Present research has greatly expanded Darwin’s theory of evolution. We now know a lot of new things:
- Most organisms on Earth has common genes
- The DNA, the “hard drive” of our bodies, can undergo small changes in structure called mutations. These mutations can be inherited and are the reasons of the small and big variations seen in organisms
- Our Earth is indeed very old. According to evidence, it was formed 4,6 billion years ago
- Our planet has undergone many changes in course of history. The Earth of many million years ago had a different climate, and continents looked different, too
- Our common ancestor was probably a simple cell that did not even have a nucleus, similar to the present-day bacteria
- In course of evolution, single independent cells gave rise to multicellular organisms
- Because of changes in climate and movement of continents, as well as catastrophes such as a fall of asteroids, many animals died, and other organisms took their place
Evidence Of Evolution
There are multiple lines of evidence that prove that evolution is true:
- The similarities in structure of our genetic code
- The similarities in the laws that determines how our bodies work
- The fossil record – the old remains of organisms that used to live far before us
- The fact that evolution is still going on. Bacteria and viruses are getting adapted to the medicines we use, developing methods to resist them. The insects adapt to pollution, changing the way they look. Many animals use humans to their advantage – such as city birds. The list can go on and on
Problems With Evolutionary Theory
- The fossil record is incomplete. The scientists cannot find many “intermediate” forms between different kinds of organisms. The reason for this is that fossilization – a transformation of the remains to stone – is a complete matter of chance. So it is hard to find examples of animals that lived for a short periods of time.

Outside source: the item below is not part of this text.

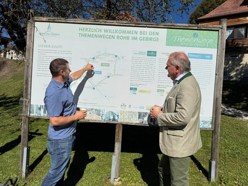 „Herzlich Willkommen bei den Themenwegen in Rohr im Gebirge“ – soboid ma in den Park einakimmt, siacht ma de große Tafel die einen herzlichst begrüßt!
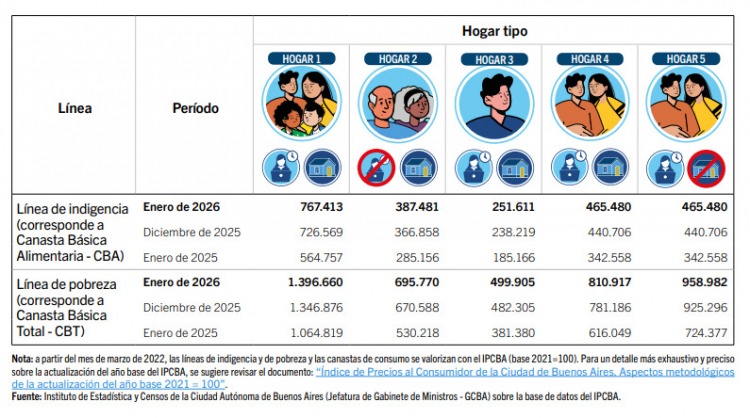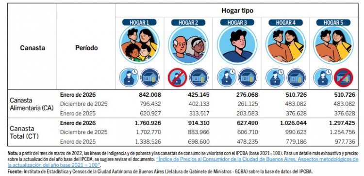 El estudio toma como modelo un hogar integrado por una pareja de 35 años, ambos con empleo y propietarios de su vivienda, y dos hijos de 9 y 6 años. Para ese grupo familiar, la línea de pobreza, marcada por la Canasta Básica Total (CBT), se ubicó en $1.396.660 durante el primer mes del año. En tanto, la línea de indigencia, definida por la Canasta Básica Alimentaria (CBA), alcanzó los $767.413.

- There are many underlying mechanisms of evolution. Present – day evolutionary theory is much more complex that the one Darwin used to write about. It integrates data from many disciplines. And it still does not fully explain why we have arrived to such a complex world.
Evolutionary biology is beyond exciting. There were multiple amazing creatures in the past. The deep history of our world is not just about the dinosaurs. And the most amazing thing that organisms still change and evolve together. And we are evolving along with them, too.